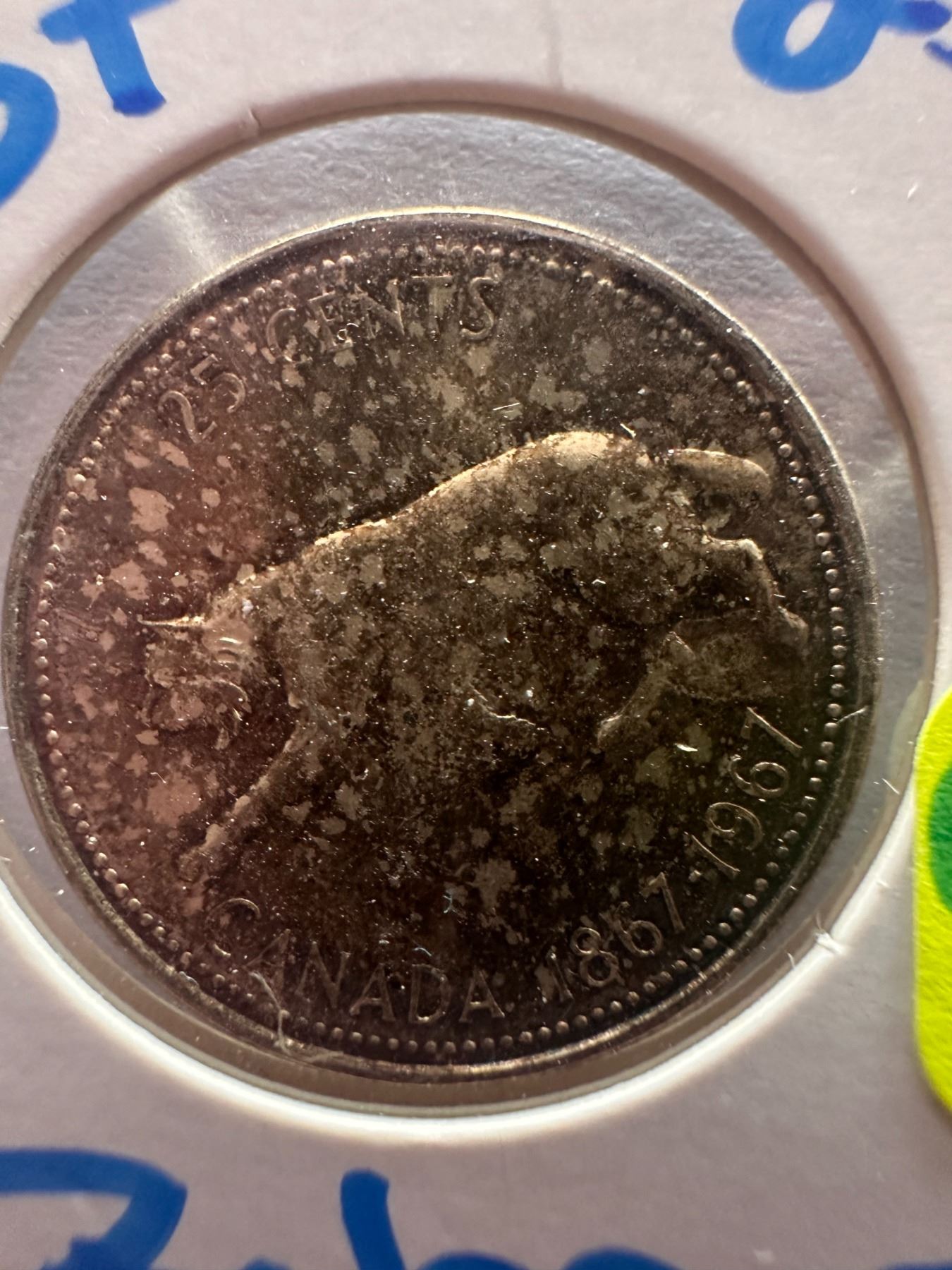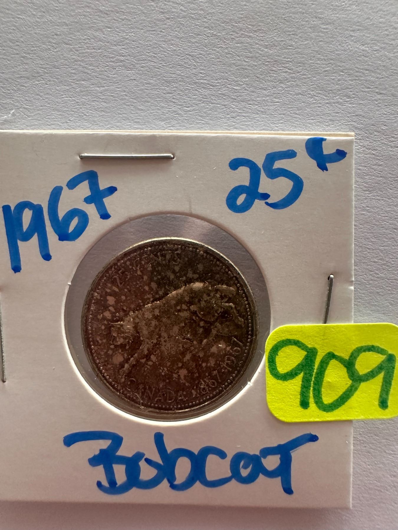 Lot 909 1967 Canadian silver centennial 25 cent coin featuring a Bobcat
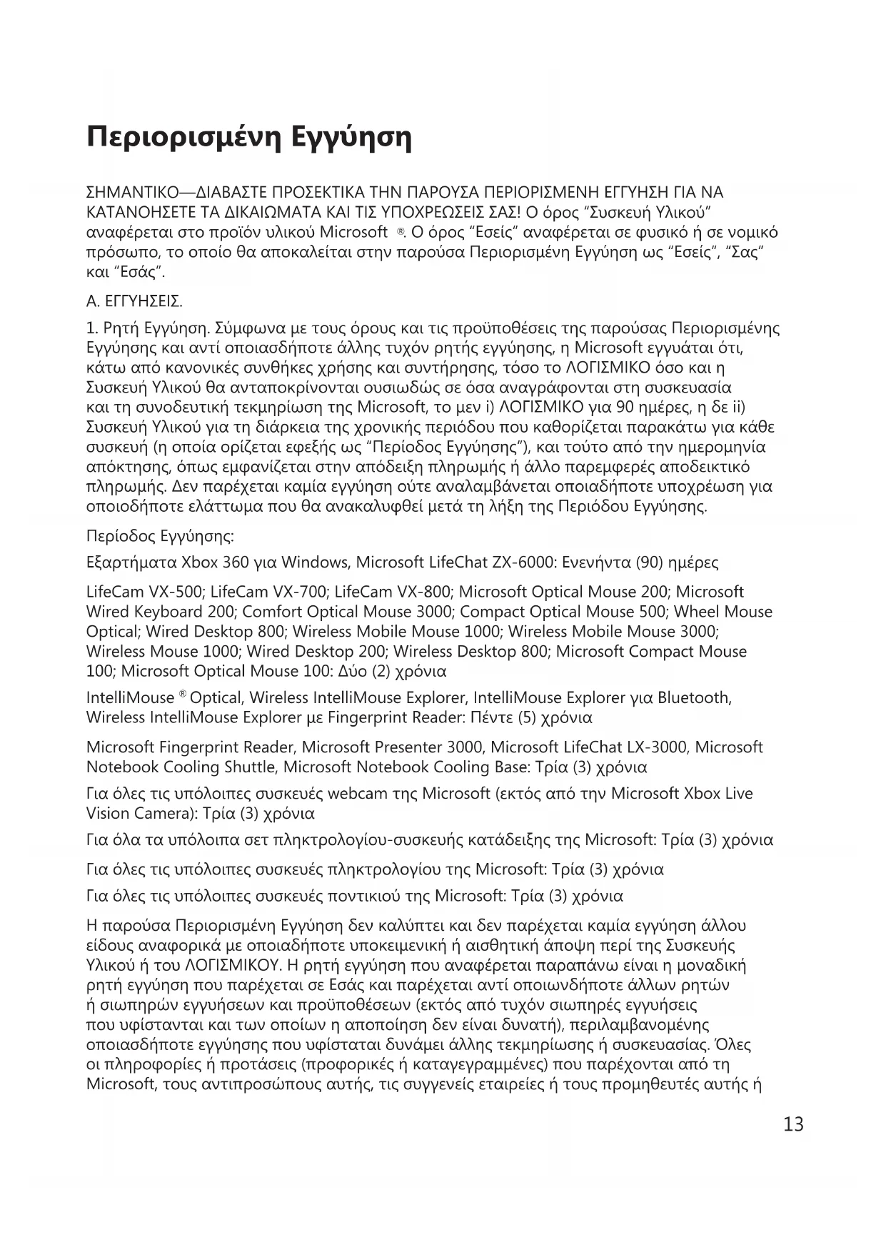 Για όλες τις υπόλοιπες συσκευές πληκτρολογίου της Microsoft: Τρία (3) χρόνια
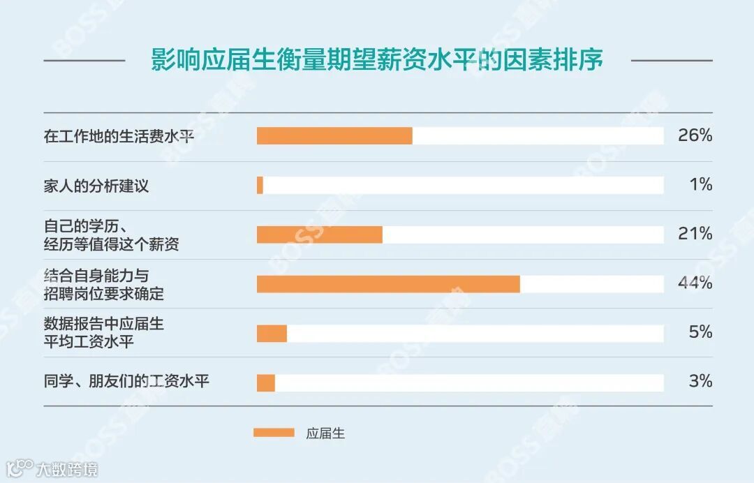 从调研来看,44%的应届生表示会结合自身能力与岗位要求来确定自己的期望薪资,工作地的生活费水平是影响应届生确定期望薪资标准的重要影响因素。
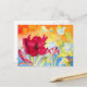 Amaryllis Morning Glories Postcard. This colourful card depicts a spray of Red Amaryllis and Morning Glories on an orange and blue background.
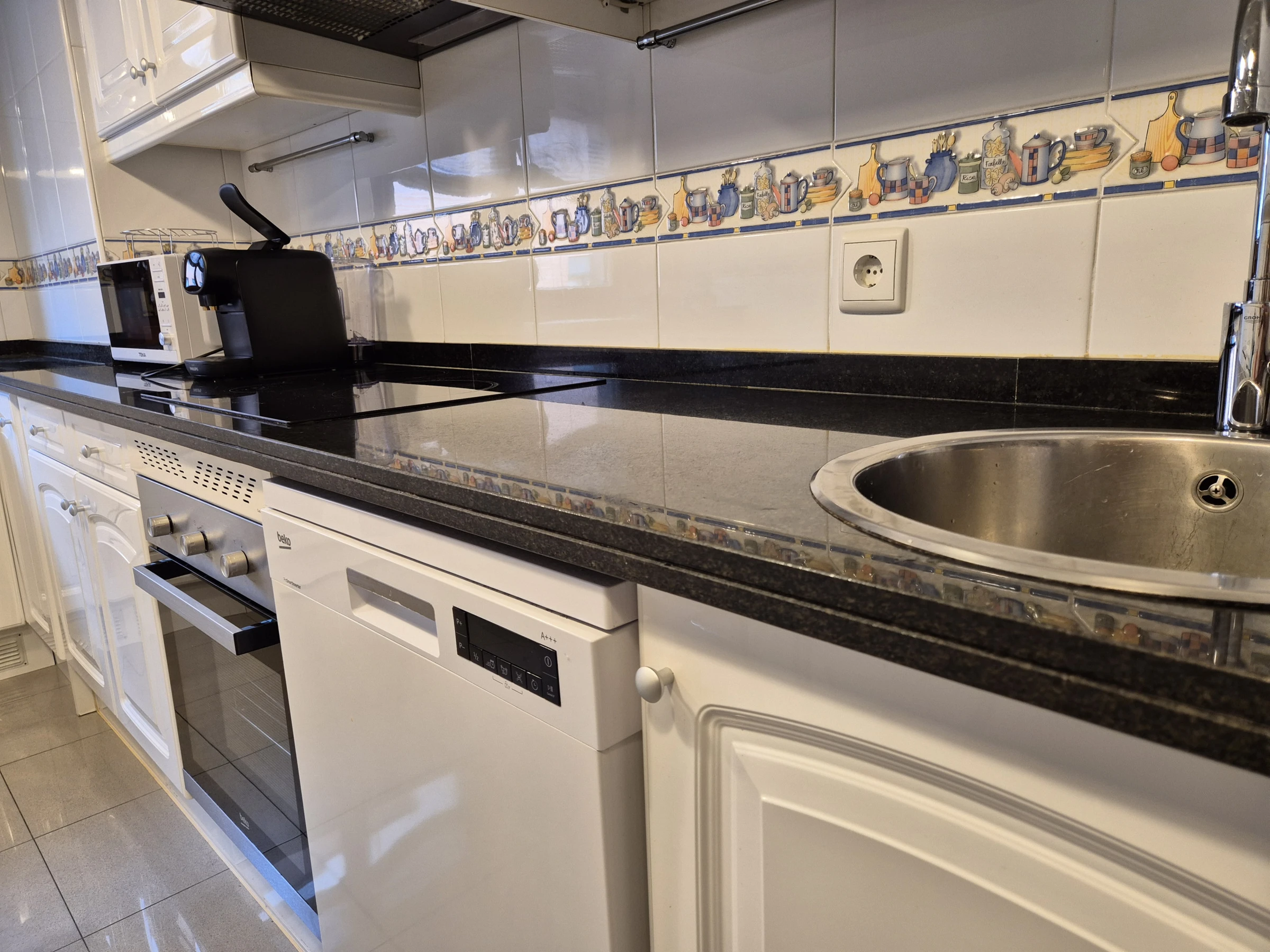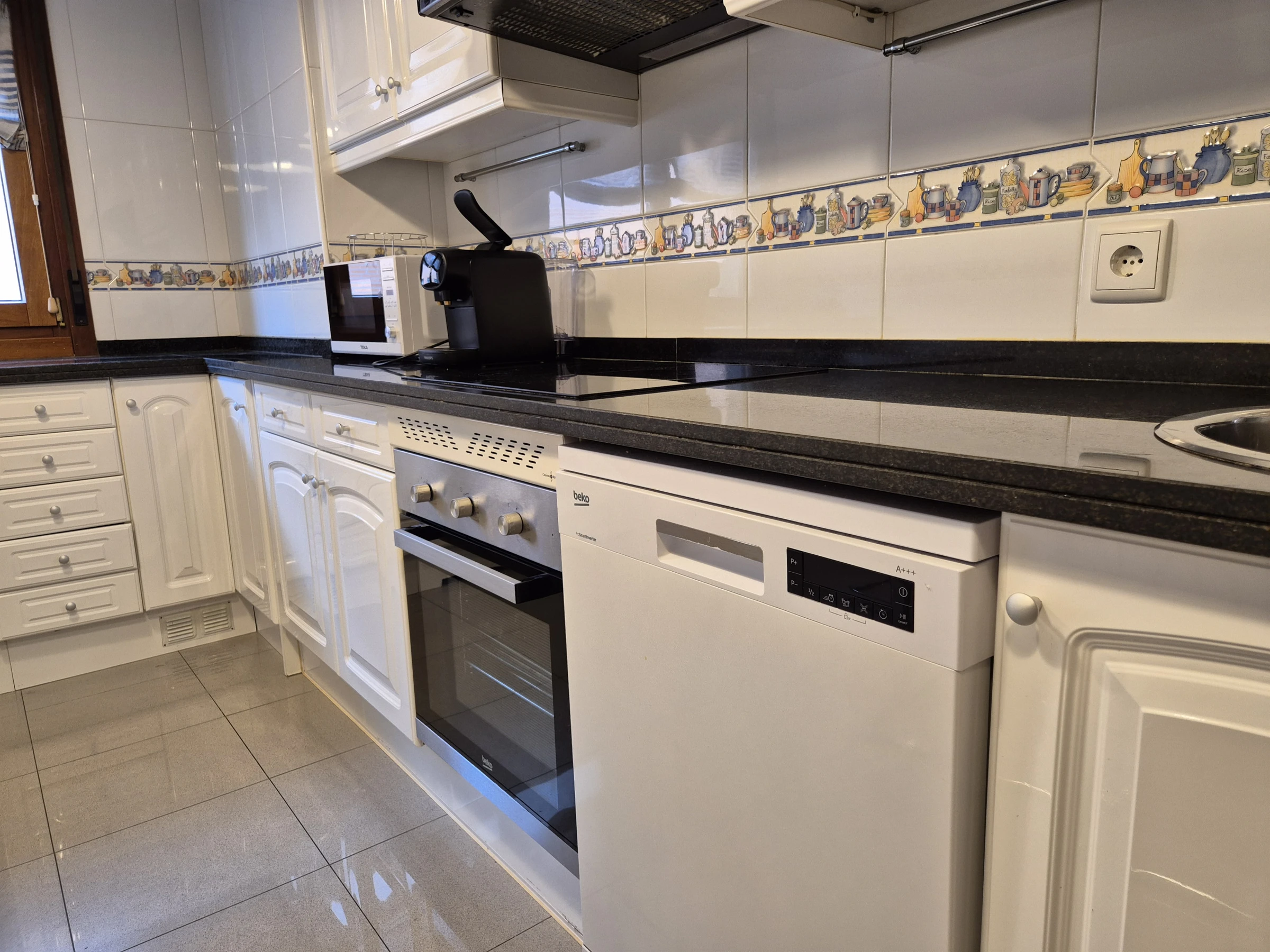 La cocina independiente, de vitrocerámica, está completamente equipada con nevera, microondas, horno, congelador, lavavajillas, utensilios de cocina, cafetera, tostadora y exprimidor, perfecta para disfrutar de una estancia práctica y confortable.
===
● Instructions to follow:
Line by line, write out the entries exactly, and leave the pictures out.

● Finished task:
 Lot 909 1967 Canadian silver centennial 25 cent coin featuring a Bobcat
 Για όλες τις υπόλοιπες συσκευές πληκτρολογίου της Microsoft: Τρία (3) χρόνια
 从调研来看,44%的应届生表示会结合自身能力与岗位要求来确定自己的期望薪资,工作地的生活费水平是影响应届生确定期望薪资标准的重要影响因素。
 Amaryllis Morning Glories Postcard. This colourful card depicts a spray of Red Amaryllis and Morning Glories on an orange and blue background.
 La cocina independiente, de vitrocerámica, está completamente equipada con nevera, microondas, horno, congelador, lavavajillas, utensilios de cocina, cafetera, tostadora y exprimidor, perfecta para disfrutar de una estancia práctica y confortable.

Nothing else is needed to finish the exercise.